Indeed, there is progress on addressing deforestation over the last two decades. Climate Focus’s latest reports on the Global and Regional Forest Declaration Assessment finds that, with regard to forests, countries across the globe increasingly develop and adopt new laws and policies to protect and sustainably manage forests. Yet the rate of present-day loss in forests and natural landscapes is unprecedented. One persisting issue that may explain this is that new laws and policies are often bold in words and regulations but weak in implementation; they lack detail, are in early stages of development, and may overlap or create inconsistencies with other laws and policies. Beyond implementation, means for traceability also remain limited; pledges for restoration and forest conservation are not well monitored or efforts may be dispersed across state, non-state, and international entities, with a lack of coherency further blurring a view on (lagging) progress.

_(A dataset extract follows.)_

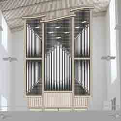 The new organ is a two-manual tracker of 26 stops and 35 ranks. Stop action is electric with 2,000 memory levels. The façade complementing the modern interior of the sanctuary was designed by the Danish firm of Birch and Svenning of Horsens, Denmark.

To make progress and commitments on forest and landscape conservation tangible, current and future high-level commitments should alter their language–rather than solely providing a number or an obscure statement, they should also include a description or commitment to practical means to achieve them. I would like to think international pledges can be rephrased or revised, for example the Kunming-Montreal Global Biodiversity Framework might look like ‘by 2030, each country has an established agency and monitoring system to ensure commitment to protecting 30 percent of earth’s lands, oceans, coastal areas, and inland waters’.
In the end, the means committed to protect the environment is what truly reflects ambition, rather than the commitment itself.